Since there is still no implementation, I collected such a "skeleton".

 class TBigMem{ private: HANDLE hFile; HANDLE hMap; __int64 hIndex; //можно переназначить тип на тот, который в вашей IDE __int64 maxsize; void * mWnd; DWORD AllocationGranularity; // Размер кратным которого должно быть окно bool DoMap(unsigned long * index){ if (hIndex >=0) UnmapViewOfFile(mWnd); hIndex = *(__int64*)index; void * wnd = MapViewOfFileEx(hMap, FILE_MAP_ALL_ACCESS, index[1], index[0],AllocationGranularity,mWnd); /*Окно*/ if (wnd == 0) wnd=MapViewOfFileEx(hMap,FILE_MAP_ALL_ACCESS, index[1], index[0],AllocationGranularity,NULL);/*Новое окно*/ if (wnd == 0) { /*Обработать ошибку - не хватает памяти скорее всего*/}; if (wnd!=0) mWnd = wnd; return wnd != 0; }; public: TBigMem (__int64 size) {// Размер можно сделать константой char buff[512]; SYSTEM_INFO si; GetSystemInfo(&si); AllocationGranularity = si.dwAllocationGranularity; GetTempPathA(sizeof(buff),buff); GetTempFileNameA(buff,"bigmem",0,buff); // Тут задать префикс для временного файла hFile = CreateFileA(buff,GENERIC_READ | GENERIC_WRITE ,0,NULL,CREATE_ALWAYS, FILE_ATTRIBUTE_TEMPORARY | FILE_FLAG_DELETE_ON_CLOSE,0); hIndex = -1; Realloc(size); } bool Realloc(__int64 size){ if (!hFile) return 0; if (hIndex >=0) UnmapViewOfFile(mWnd); if (hMap) CloseHandle(hMap); hMap = 0; hIndex = -1; hMap = CreateFileMappingA(hFile,0, PAGE_READWRITE, ((unsigned long*)&size)[1], ((unsigned long*)&size)[0] ,0); if (hMap !=0) maxsize = size; return hMap != 0; } bool isValid() { return hMap !=0; }; ~TBigMem(){ CloseHandle(hMap); CloseHandle(hFile); }; char& operator[](__int64 index){ union { __int64 i; unsigned long w[2]; } u; if (index >= maxsize)// Авторасширение с выравниванием Relloc(index - (index & AllocationGranularity)+AllocationGranularity); if (hMap == 0) return *(char*)NULL; // Не возможно, обработать ошибку unsigned long offs; int err = 0; ui = index; offs = uw[0] & (AllocationGranularity-1); uw[0] &= ~(AllocationGranularity-1); //TODO: тут можно дописать сдвиг индекса, что б окно было шире if (ui != hIndex) DoMap(&u.w[0]); //err = GetLastError(); return *((char*)mWnd + offs); }; unsigned int GetAvalible(__int64 index) { // Колличество байт, доступных в окне return AllocationGranularity-((unsigned int)(index & (AllocationGranularity-1))); } }; 

Tested on small volumes like this:

  char c; TBigMem data(1000000); data[0]=1; data[65536]=2; с = data[0]; // переключить на первую страницу с = data[65536]; // переключить другую станицу 

Data is saved. I had to figure out how to do the mapping, with the granulation of the pages, with the switching of the display (in many examples of switching pages there is no).

PS I expect a more convenient implementation. At the moment this is the only example of implementation.

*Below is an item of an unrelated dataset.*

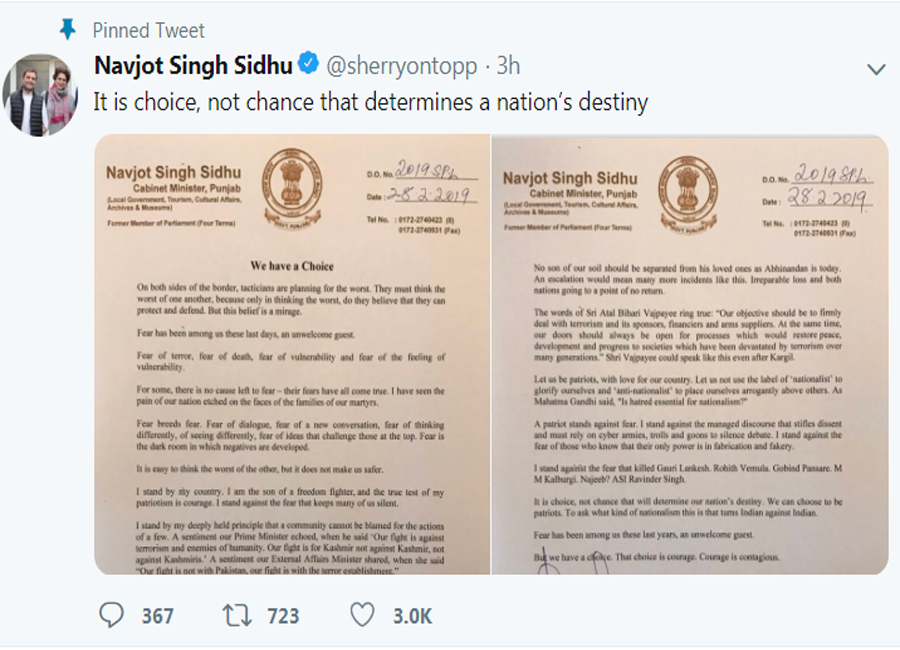 ਸਿੱਧੂ ਨੇ ਟਵਿੱਟਰ ਜ਼ਰੀਏ ਜੰਗ ਦੀ ਖਿਲਾਫਤ ਕਰਦੇ ਹੋਏ ਖੁੱਲ੍ਹੀ ਚਿੱਠੀ ਜਾਰੀ ਕਰਦੇ ਕਿਹਾ ਕਿ ਜੰਗ ਹੋਣਾ ਸਾਡੀ ਇੱਛਾ 'ਤੇ ਨਿਰਭਰ ਕਰਦਾ ਹੈ ਨਾ ਕਿ ਹਾਲਾਤ 'ਤੇ। ਇਸ ਤੋਂ ਇਲਾਵਾ ਅੱਗੇ ਲਿਖਦੇ ਹੋਏ ਨਵਜੋਤ ਸਿੰਘ ਸਿੱਧੂ ਨੇ ਕਿਹਾ ਕਿ ਅੱਤਵਾਦ ਦਾ ਹੱਲ ਸ਼ਾਂਤੀ ਅਤੇ ਵਿਕਾਸ ਹੈ ਨਾ ਕਿ ਬੇਰੋਜ਼ਗਾਰੀ, ਨਫਰਤ ਅਤੇ ਡਰ। ਉਨ੍ਹਾਂ ਨੇ ਕਿਹਾ ਕਿ ਉਹ ਆਪਣੇ ਦੇਸ਼ ਨਾਲ ਡਟੇ ਹੋਏ ਹਨ। ਇਸ ਦੇ ਨਾਲ ਹੀ ਉਨ੍ਹਾਂ ਨੇ ਆਪਣਾ ਪੁਰਾਣਾ ਵਿਵਾਦਿਤ ਬਿਆਨ ਵੀ ਦੋਹਰਾਉਂਦੇ ਕਿਹਾ ਕਿ ਕੁਝ ਲੋਕਾਂ ਦੇ ਕਾਰੇ ਕਾਰਨ ਪੂਰੀ ਕੌਮ ਨੂੰ ਦੋਸ਼ੀ ਨਹੀਂ ਠਹਿਰਾਇਆ ਜਾਣਾ ਚਾਹੀਦਾ।

  • For char, this solution is suitable, and for more capacious types, you need to add a "double" buffer, because with a size of more than one byte, the type may appear on the "two-page cut".

  • I was faced with the fact that I did not find an intelligent description of how to reserve memory for MapViewOfFileEx.

  • For the "extended" functionality, you may need templates template, this is for the future.